For future enhancements, because the create() and delete() methods in the Data
class are fully implemented, the only thing that would need to be done is
provide the Client GUI components to access these methods. The current
BookingPanel class can also be easily modified to allow for dual use for the
creation of records as well.
Originally posted by Eric Chang:
After going through the resubmission process where I changed absolutely nothing besides making my Data class a non-singleton and putting the locking mechanism in there instead of in the RMI implementation, and adding a singleton class to hold the ArrayList of records, I foudn out today that I passed.
I think I missed the 12 points on the GUI because I didn't include a JMenuBar...oh well, at least I didn't get a 0 on locking again.
Thanks to all that wished me luck on my resubmitall as well as everyone that posted tips that I've read.

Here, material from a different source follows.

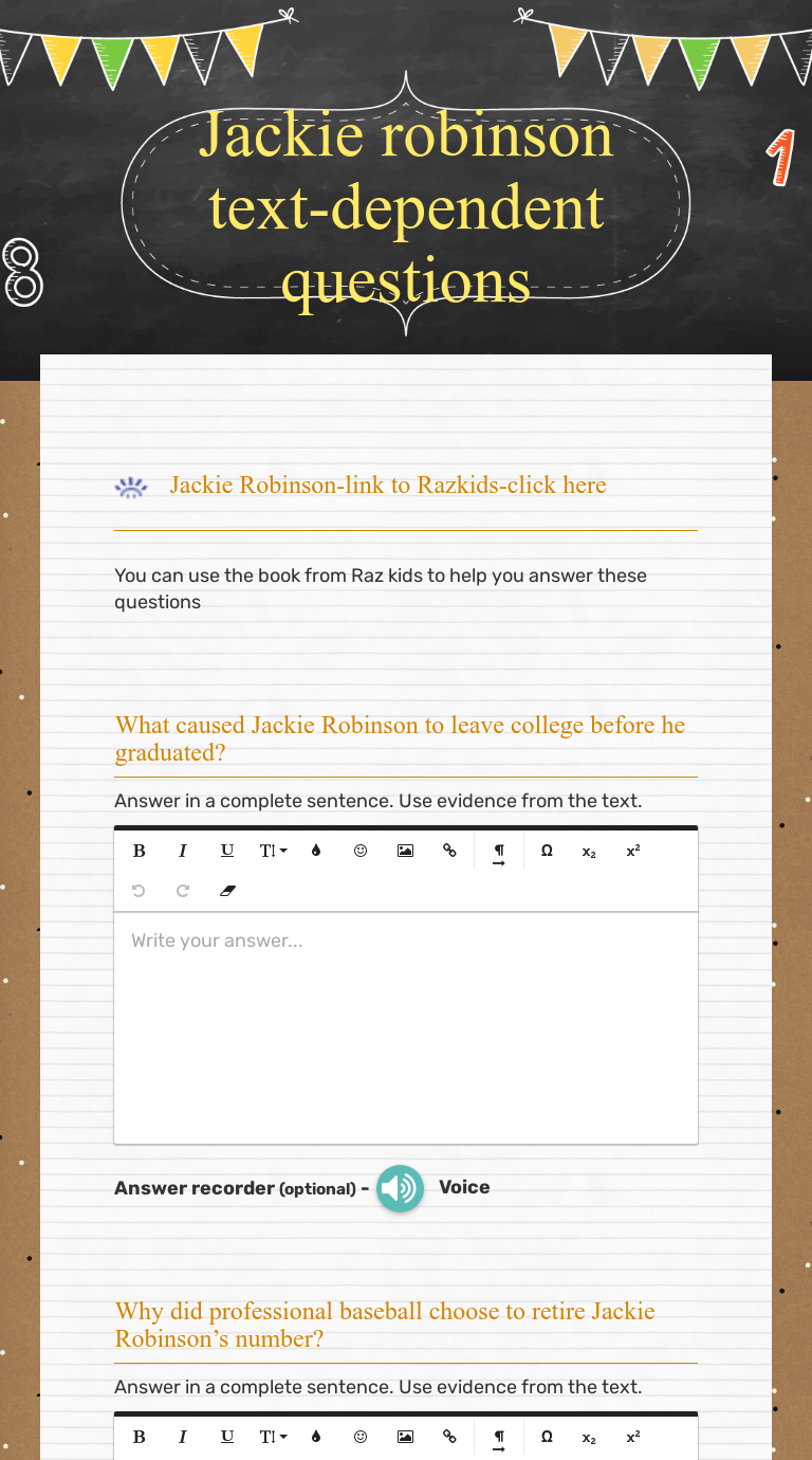 Text dependent questions worksheet
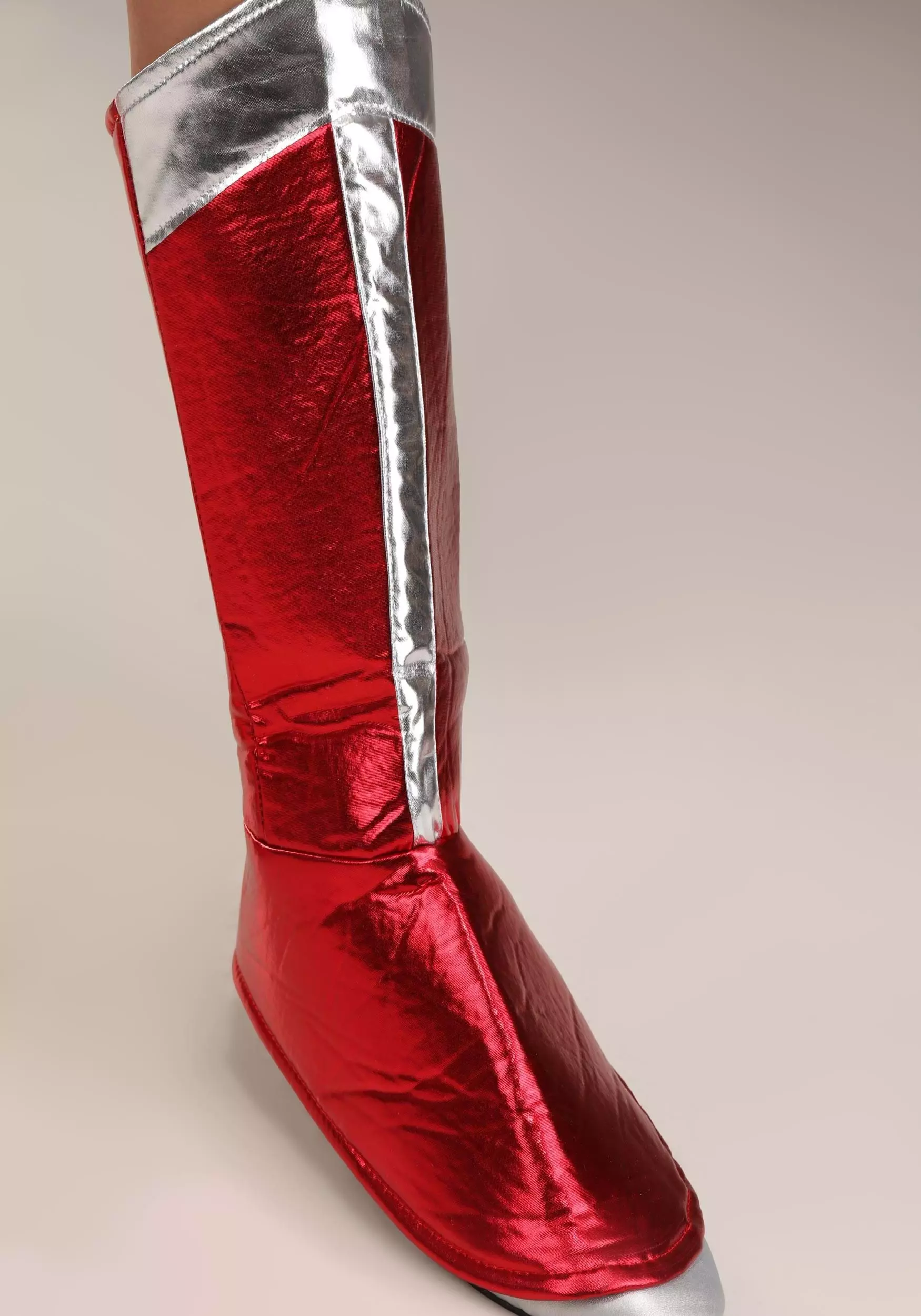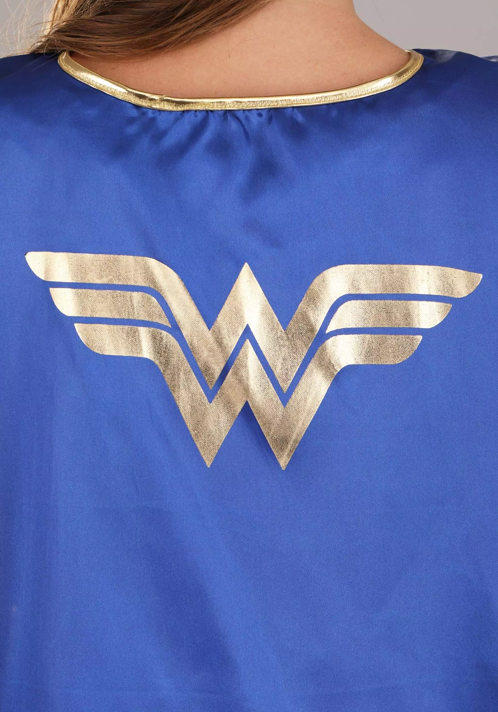 That’s why you’ll be pleased to see that we are offering this Wonder Woman Long-Sleeved Dress costume. This is an exclusive outfit that meets all your Wonder Woman expectations while giving you an upgraded style! The dress features a velour front and shiny cuffs at the end of the long sleeves. The skirt is detailed with metallic stars on a satin blue field. The cape fastens at your neck and has metallic edging to match the elastic tiara! Foam-backed boot covers have you leaping into the fray and feeling heroic, too. The comfy fit of the dress allows for a pair of leggings to be worn underneath to truly take a silver-age comic book look into the modern age. Enemies of the Justice League beware… (and so should the chill of a Halloween night).Â

Originally posted by Eric Chang:
Sure, I had a singleton LockManager class which contained a HashMap of current locks. The key for the object in the HashMap was the record number that is locked, and the Object is the instance of the Data class (as each connection has a separate instance of the Data class). So in my lock method in my Data class, I attempt to acquire a lock by calling the createLock method in the LockManager and sending in the record number and "this" (the instance of the Data class). If the lock is acquired successfully, "this" is returned, otherwise the instance of the Data class which holds the lock is returned. Back in the lock method, if the instance returned from the createLock method is NOT equal to "this", then I wait on the instance of the Data class returned (ie: the owner of the lock). In the unlock method, I call the LockManager again to remove the lock, which fires off a notifyAll on the owner of the lock.
I also implement Unreferenced to take care of orphaned locks.